ABOUT THIS EXERCISE | Using the records below, copy exactly the part that opens with the line holding "小さなチロル・チョコを50種" and closes with the line holding "Also, don’t forget", minus the pictures.

Source data |
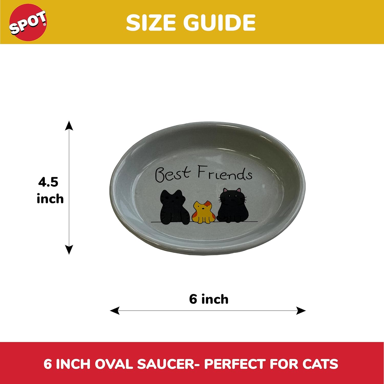 SPOT Best Friends Oval Cat Food Dish - Ceramic Plate with Low Edges, Saucer with Whisker-Friendly Shape and Low Profile Sides, Ideal for Wet or Dry Cat Food, Dishwasher Safe, 6in, Light Grey
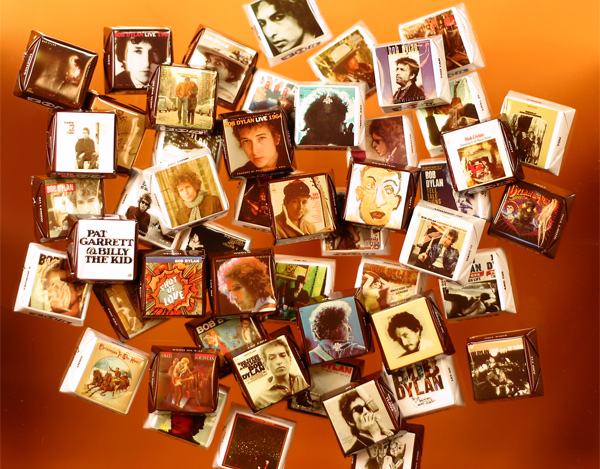 小さなチロル・チョコを50種のボブ・ディランの名盤ジャケットでくるみ、25種類づつを2つのスペシャル・ボックスに入れた形で発売。箱の色もホワイトとブラウン、2つを並べると50種類のジャケットが年代順に見事に並ぶ形となる。チョコの四方にはボブ・ディランの歌詞の一部も記され、見ているだけで笑みがこぼれ、テンションがダダ上がりになる、すばらしい出来栄えだ。
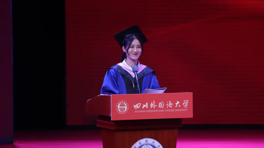 英语学院博士研究生谭小勇同学、东方语言文化学院硕士研究生孙晓妍同学、俄语学院硕士研究生金淑贤同学(吉尔吉斯斯坦)先后发言。在发言中,三位学子均表示 “海纳百川,学贯中外”的校训、优良的学风,浇灌了川外学子的学识,淬炼了思想,凝固了身为川外人的信仰。未来,川外学子将始终传承“团结、勤奋、严谨、求实”的校风,将历代川外人积累的精神财富作为指引我们前行的明灯,努力推动知识的传播与创新,化解文化和语言的隔阂,建立沟通与理解的桥梁,将自我价值融入国家和社会发展的洪流之中。继承母校的优秀传统,为国家和民族的振兴贡献自我的青春力量。
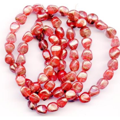 20 lovely vintage Venetian pink coral glass nuggets wrapped with a band of sparkling aventurine on each bead. They measure 8mm.
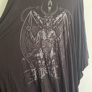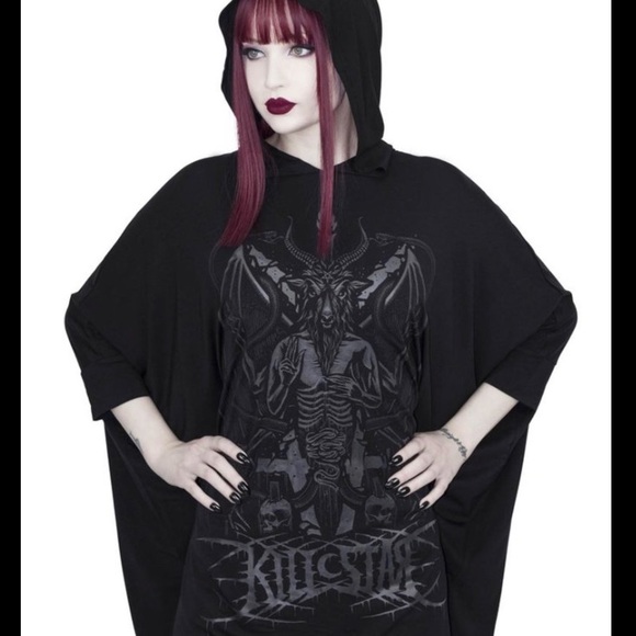 Insanely comfy- so much room- designed for an oversized fit. Large hoodie with Baphomet front print and “killstar” in metal lettering across bottom. Dolman style sleeves, asymmetrical hem.
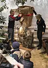 Fossilsteinen ble pakket ut av direktør ved Naturhistorisk museum Tone Lindheim og seksjonssjef Tor Carlsen i Botanisk hage. Nå er den en del av den permanente utstillingen i Botanisk hage som forteller trærnes utviklingshistorie.
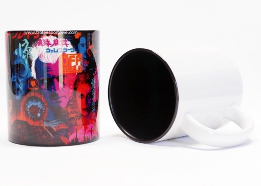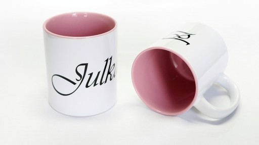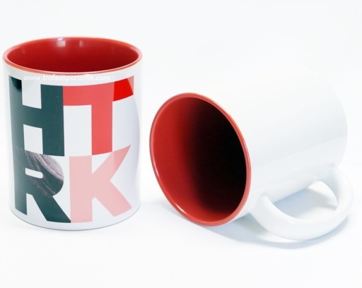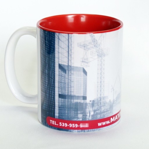 Kubek ceramiczny z nadrukiem kolorowym, w którym nie musi być górnego i dolnego marginesu.
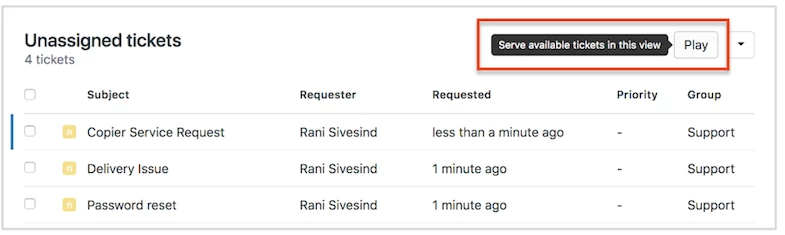 Also, don’t forget to press play. The play button helps minimize agent cherry-picking by serving up the next available ticket that isn’t being addressed by an agent.
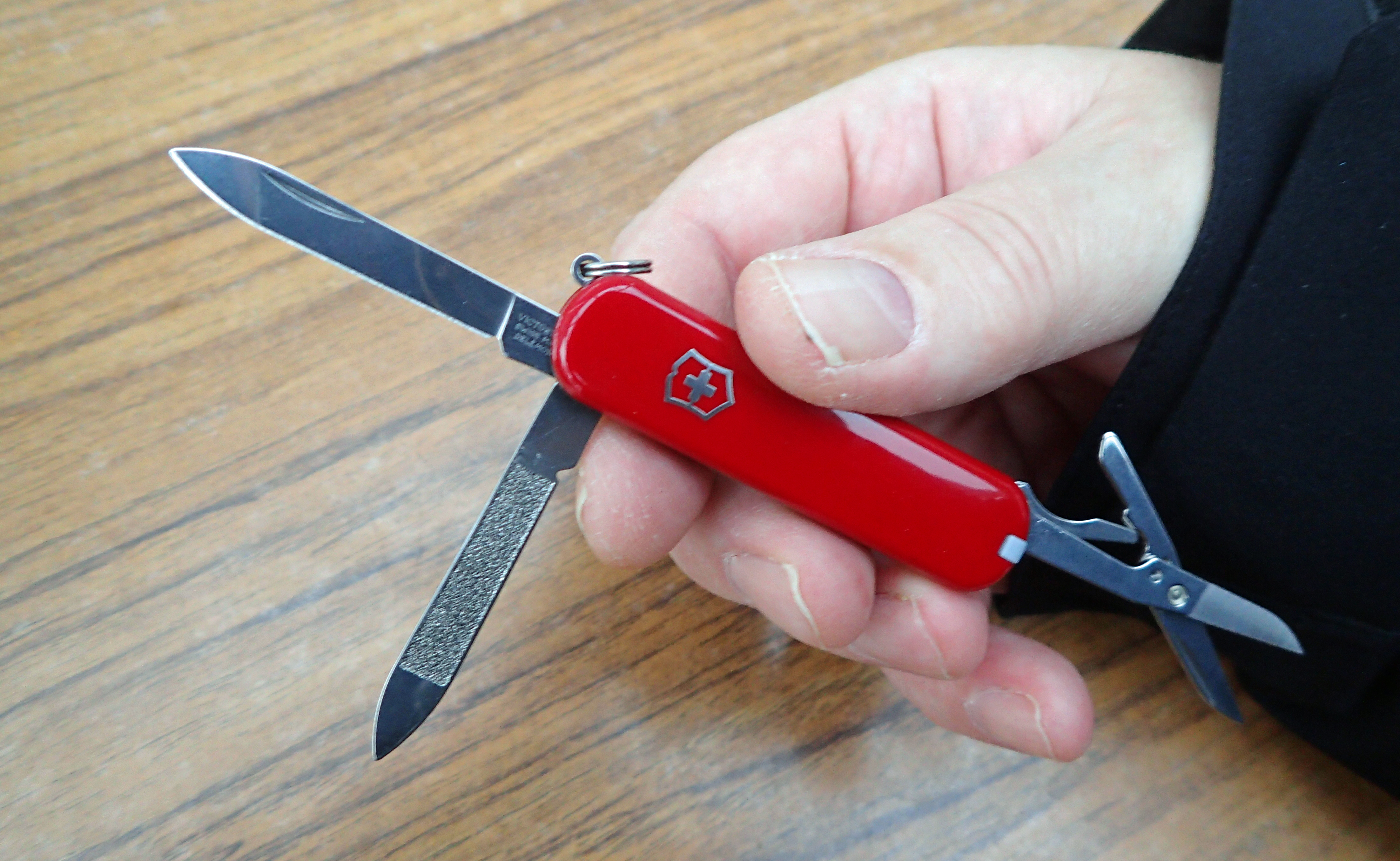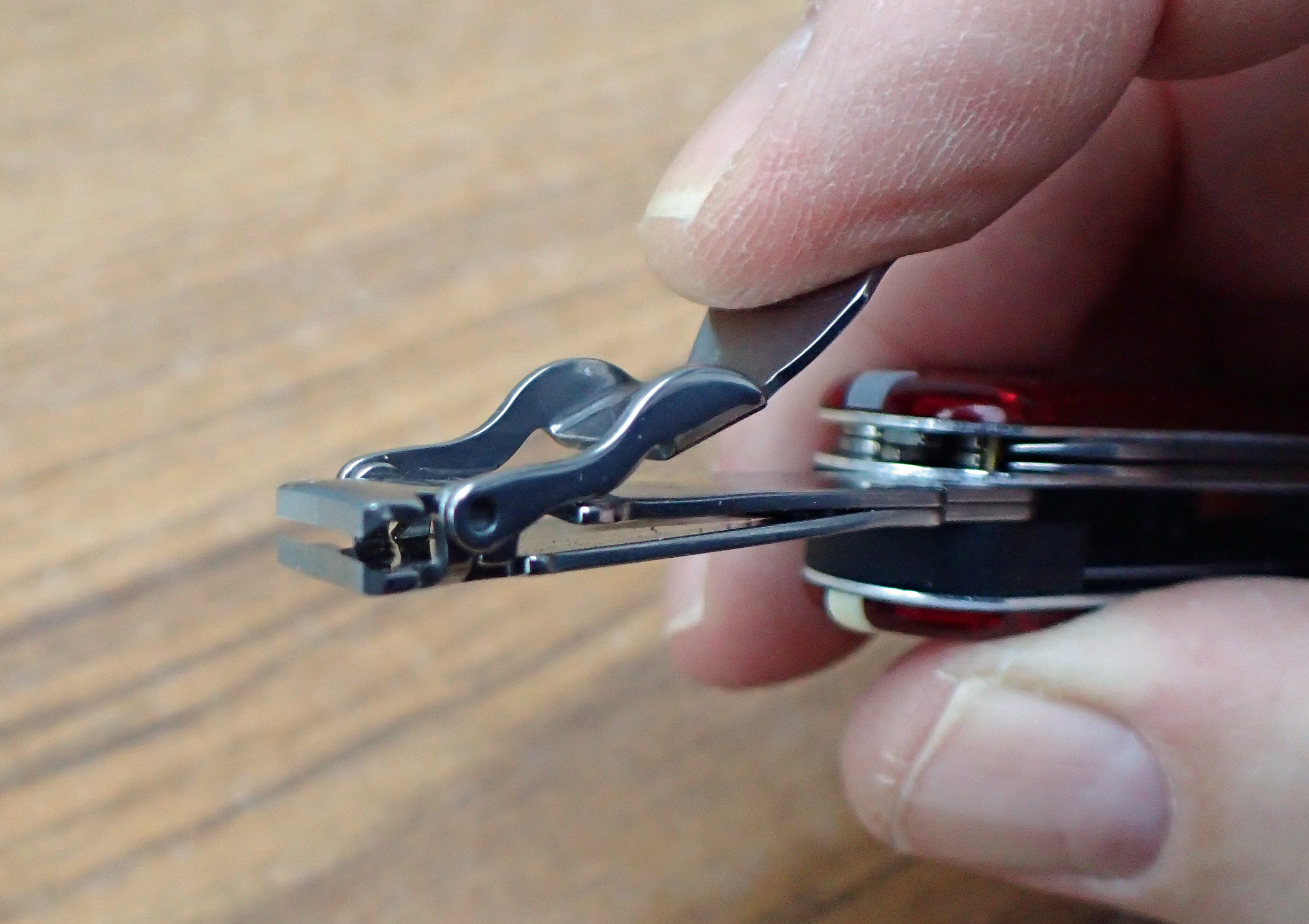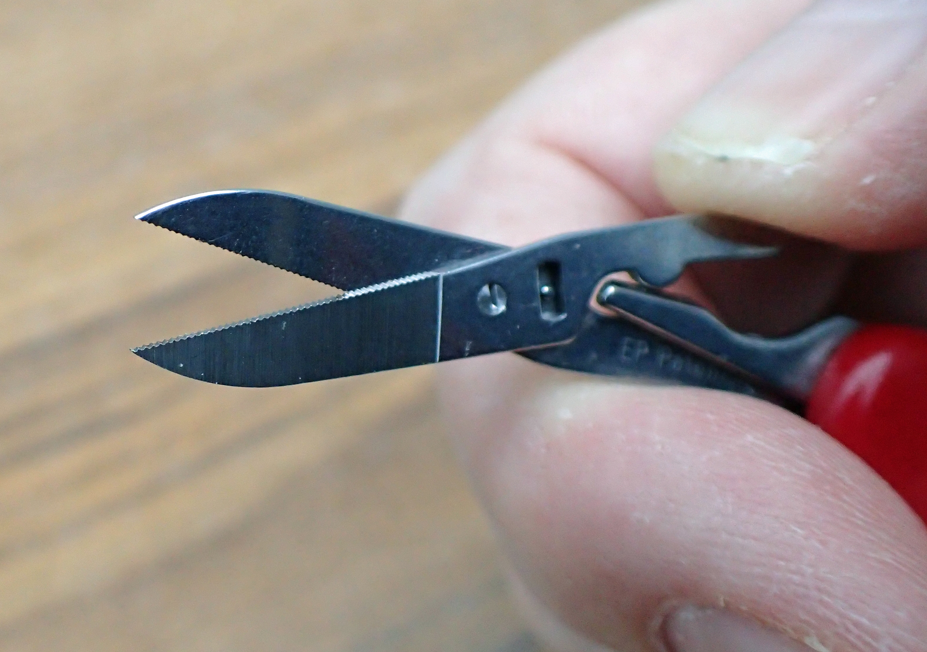 The 45mm long scissors on these knives have the exact same 16mm long cutting edges as those found on the smaller Victorinox Classic. But all of this is practical usable length on the 65mm knives. The cutting edges on the Wenger scissors are different too. The scissors have ‘self-sharpening’ edges and micro-serrations. They also have a lever type back spring, unlike the Victorinox which usually incorporate a small spring. The back spring is more reliable in the long term with less reported breakages though the small spring on Victorinox type scissors can be purchased as an after-sale replacement if necessary. Some users don’t like the serrations on the Wenger scissors but Three Points of the Compass finds these particularly useful on such tiny scissors as they provide a little grip on slippery materials. I have found these small scissors ideal for many small and simple ‘on-trail’ tasks. While the scissors will trim nails and I have used them for that, they are not particularly suited to this task as they leave a slightly roughened cut edge that then requires smoothing. Dedicated nail clippers are preferable and a potential solution is included below. There was a very subtle change in scissor design in the earlier years that prevented pocket fluff etc. jamming up the pivot action as much as very earlier versions of the Esquire did. Though it still pays to keep the scissors on all versions from all years as clean as possible.
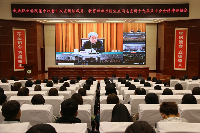 武威職業(yè)學院組織黨員干部和師生觀看教育部黨組書記、部長陳寶生宣講十九屆五中全會精神
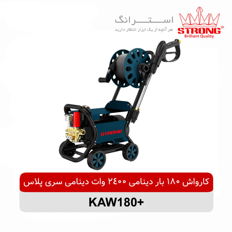 کارواش دینامی 180 بار 2400 وات استرانگ مدل KAW180 Plus از سری پلاس کارواش های حرفه ای و پر قدرت شرکت استرانگ میباشد، این کارواش با برق 220 ولت کار میکند و قابلیت کار با آب گرم تا دمای 50 درجه را دارا میباشد. این کارواش قابلیت کنترل فشار آب خروجی (فشار شکن) را دارا میباشد که برای کنترل میزان خروجی آب متناسب با نیاز هر فرد قابل تنظیم است. این کارواش دارای کلت و لانس دوحالته با قابلیت کوتاه و بلند شدن جهت شرایط خاص و شیلنگ منجید دار 10 متری همراه با جمع کن شیلنگ نیز میباشد.
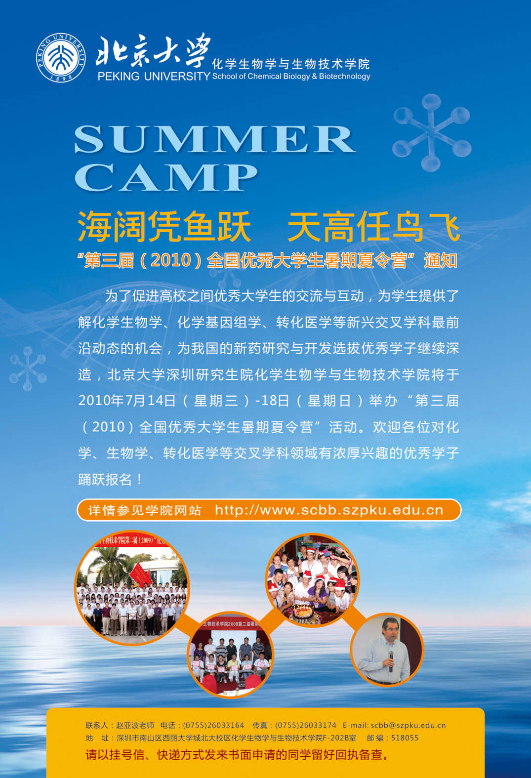 为了促进高校之间优秀大学生的交流与互动,为学生提供了解化学生物学、化学基因组学、转化医学等新兴交叉学科最前沿动态的机会,为我国的新药研究与开发选拔优秀学子继续深造,北京大学深圳研究生院化学生物学与生物技术学院将于2010年7月14日(星期三)-18日(星期日)举办“第三届(2010)全国优秀大学生暑期夏令营”活动。欢迎各位对化学、生物学、转化医学等交叉学科领域有浓厚兴趣的优秀学子踊跃报名!
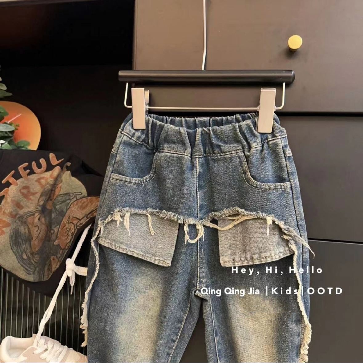 2024 소녀 청바지 가을 새 도착 소년 소녀 아기 백 포켓 세척 청바지스토어 가기
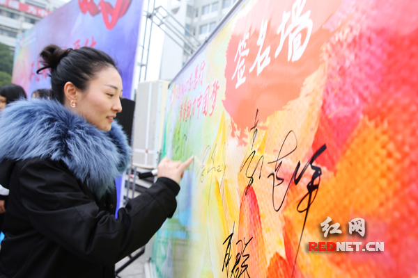 志愿者在“不忘初心志愿行,青春助力中国梦”签名版上签名。
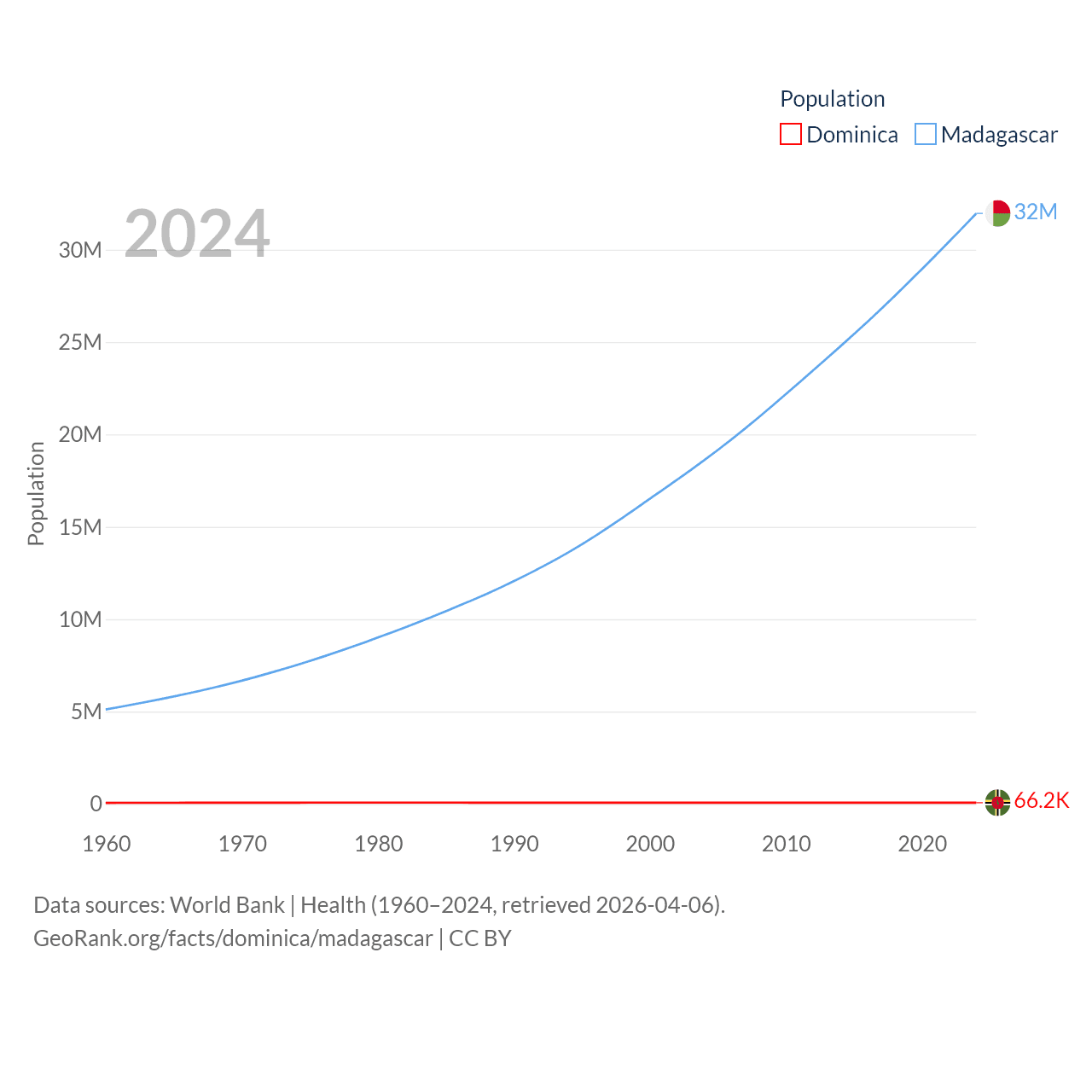 Dominica has a population of 66.2K (ranked 188/197), compared with 32M in Madagascar (ranked 49/197). Dominica's land area is 289.6 sq mi versus 224,634 sq mi for Madagascar (ranked 175th vs. 44th).
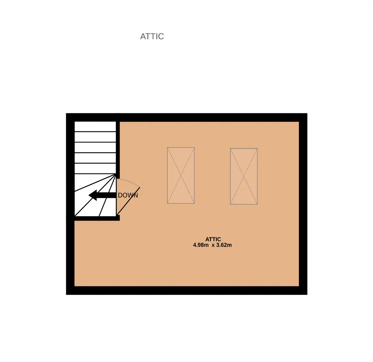 Attic 4.98m x 3.62m Bright, converted attic with carpet flooring.
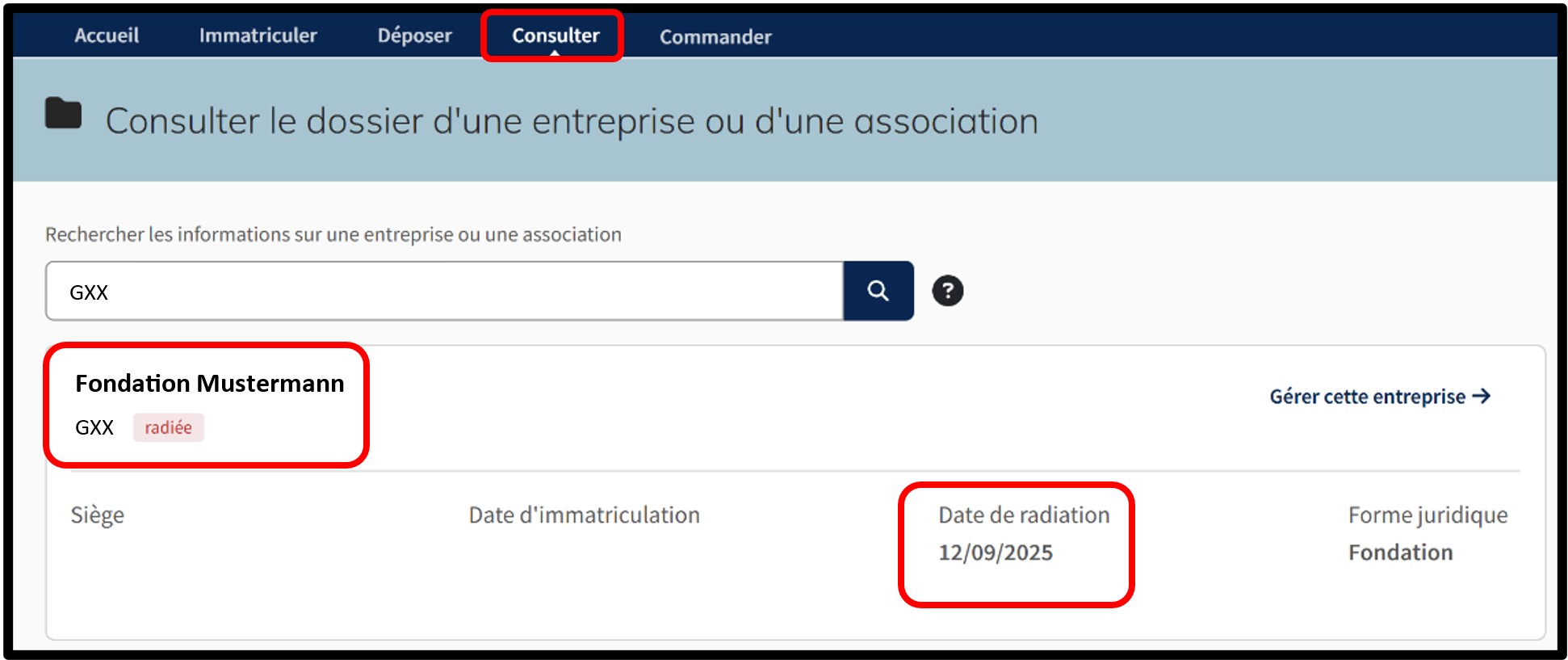 Après avoir consulté les différents dossiers RCS de vos mandataires personnes morales, vous pourrez identifier le mandataire dont le dossier est radié. C’est ce mandataire que vous devrez supprimer de votre liste de mandataires inscrits dans votre dossier RCS.

EXPECTED OUTPUT |
 小さなチロル・チョコを50種のボブ・ディランの名盤ジャケットでくるみ、25種類づつを2つのスペシャル・ボックスに入れた形で発売。箱の色もホワイトとブラウン、2つを並べると50種類のジャケットが年代順に見事に並ぶ形となる。チョコの四方にはボブ・ディランの歌詞の一部も記され、見ているだけで笑みがこぼれ、テンションがダダ上がりになる、すばらしい出来栄えだ。
 英语学院博士研究生谭小勇同学、东方语言文化学院硕士研究生孙晓妍同学、俄语学院硕士研究生金淑贤同学(吉尔吉斯斯坦)先后发言。在发言中,三位学子均表示 “海纳百川,学贯中外”的校训、优良的学风,浇灌了川外学子的学识,淬炼了思想,凝固了身为川外人的信仰。未来,川外学子将始终传承“团结、勤奋、严谨、求实”的校风,将历代川外人积累的精神财富作为指引我们前行的明灯,努力推动知识的传播与创新,化解文化和语言的隔阂,建立沟通与理解的桥梁,将自我价值融入国家和社会发展的洪流之中。继承母校的优秀传统,为国家和民族的振兴贡献自我的青春力量。
 20 lovely vintage Venetian pink coral glass nuggets wrapped with a band of sparkling aventurine on each bead. They measure 8mm.
 Insanely comfy- so much room- designed for an oversized fit. Large hoodie with Baphomet front print and “killstar” in metal lettering across bottom. Dolman style sleeves, asymmetrical hem.
 Fossilsteinen ble pakket ut av direktør ved Naturhistorisk museum Tone Lindheim og seksjonssjef Tor Carlsen i Botanisk hage. Nå er den en del av den permanente utstillingen i Botanisk hage som forteller trærnes utviklingshistorie.
 Kubek ceramiczny z nadrukiem kolorowym, w którym nie musi być górnego i dolnego marginesu.
 Also, don’t forget to press play. The play button helps minimize agent cherry-picking by serving up the next available ticket that isn’t being addressed by an agent.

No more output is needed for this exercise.